My work also touches on issues relating to the relationship between perceptual non-conceptualism and some empirical theses, such as the thesis of the cognitive empenetrability of early vision. I have argued against the view that the (alleged) cognitive impenetrability of early vision states is a necessary and sufficient condition for their content to be non-conceptual—the mutually entailing thesis, as I call it. Even if we grant that that the property of being non-conceptual admits two different interpretations—corresponding to the distinction between the state and the content views as formulated above—the mutually entailing thesis fails. I first argue for the falsity of the state-non-conceptualist reading of the thesis on the grounds that it mistakenly takes being non-conceptual to be a causal instead of a constitutive relationship. The content-non-conceptualist understanding of the thesis, I then argue, is disproved by plausible views regarding the content of experience. The mutually entailing thesis could only be true, I contend, on a non-standard, causal interpretation of the notion of nonconceptual content. Yet, on that reading, the thesis would either be trivially true or would entirely fail to engage with the contemporary literature on perceptual non conceptualism.

Finally, in my most recent work, I explore the relation between the alleged richness of the content of perceptual experience and the idea that perceptual experience is cognitively penetrable by background states, such as beliefs, desires or emotions. According to so-called “thin” views about the content of experience, we can only visually experience low-level features such as colour, shape, texture or motion. According to so-called “rich” views, we can also visually experience some high-level properties, such as being a pine tree or being threatening. One of the standard objections against rich views is that high-level properties can only be represented at the level of judgments. I have recently offered rich theories a plausible escape route from this objection based on some recent studies in social vision. I have also tackled a different but related issue, namely, the relationship between rich views and the view that visual experience is cognitively penetrable. Despite their logical independence, both theses tend to go hand in hand in the literature. I argue, however, that the very criterion that establishes the genuine visual nature of our representations of some high-level properties makes the entailment from rich views to cognitive penetrability problematic.

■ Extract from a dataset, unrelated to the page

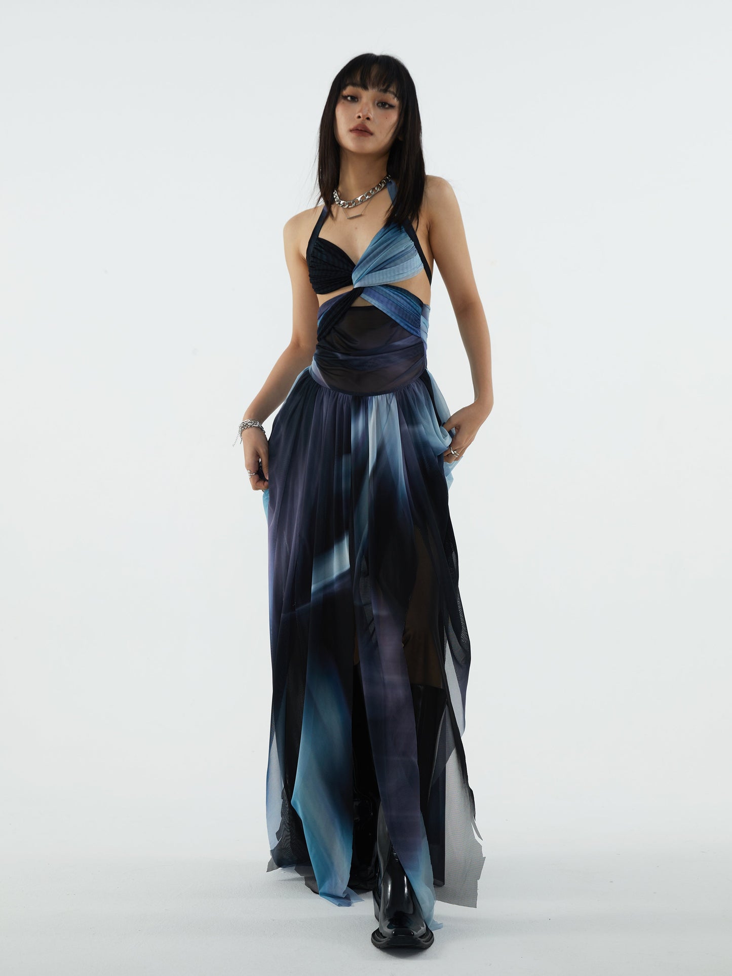 夜の水面を閉じ込めたようなインディゴのグラデーションが際立つロングドレス。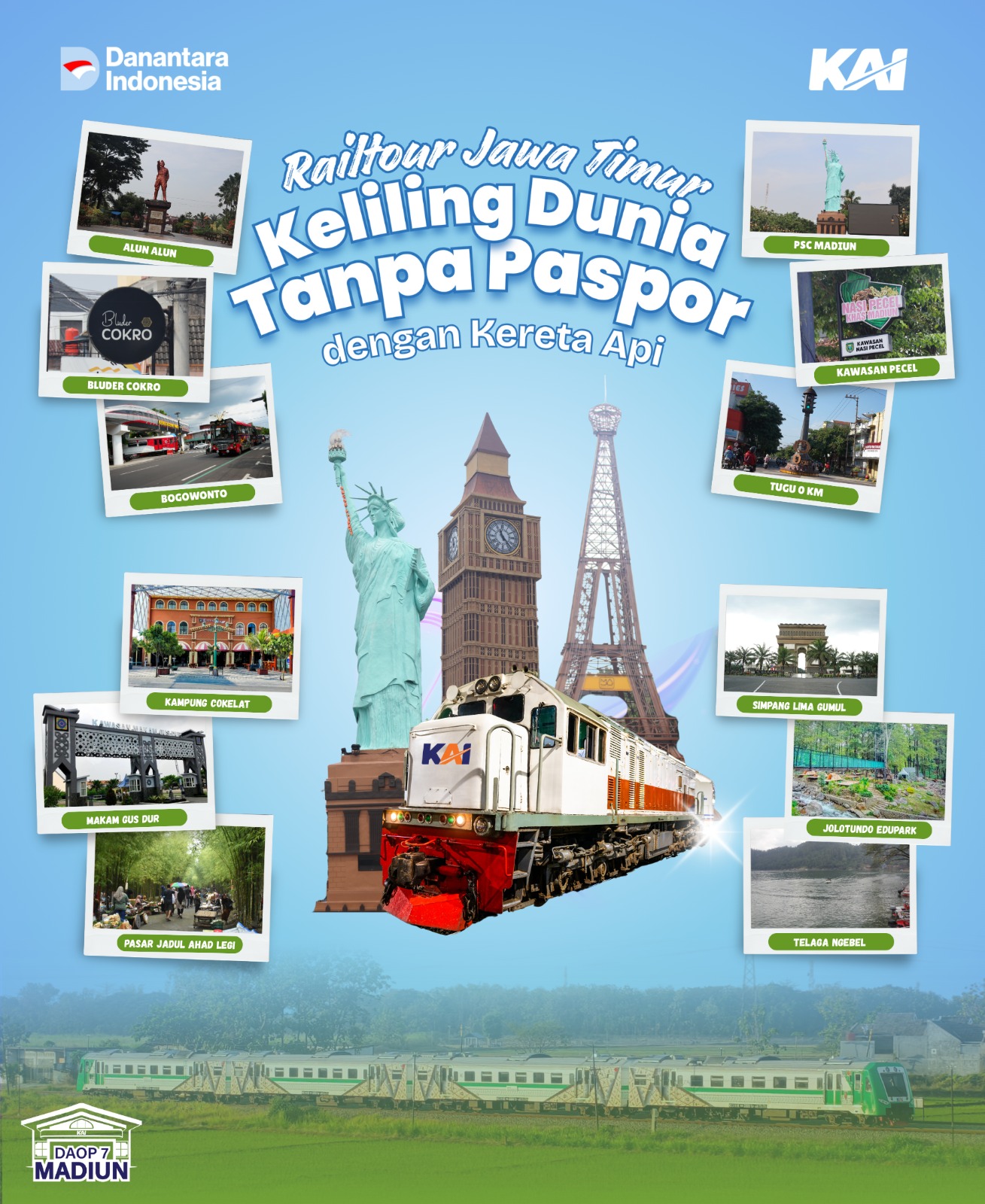 Untuk itulah, program Rail Tour Jawa Timur menawarkan berbagai paket wisata menarik yang meliputi destinasi di wilayah KAI Daop 7 Madiun dan sekitarnya, di antaranya:

The nature of the content of the mental states involved in paradigmatic cases of implicit bias has emerged lately as a key platform to carry on thinking and writing about issues in this vicinity. What all these threads have in common is that they arise at the barely-explored intersection between scientifically-informed philosophy of mind / cognitive science and what might be dubbed the ‘normative image’ of mind, according to which a proper account of the mental cannot be developed without attention to matters concerning value, ethics and responsibility.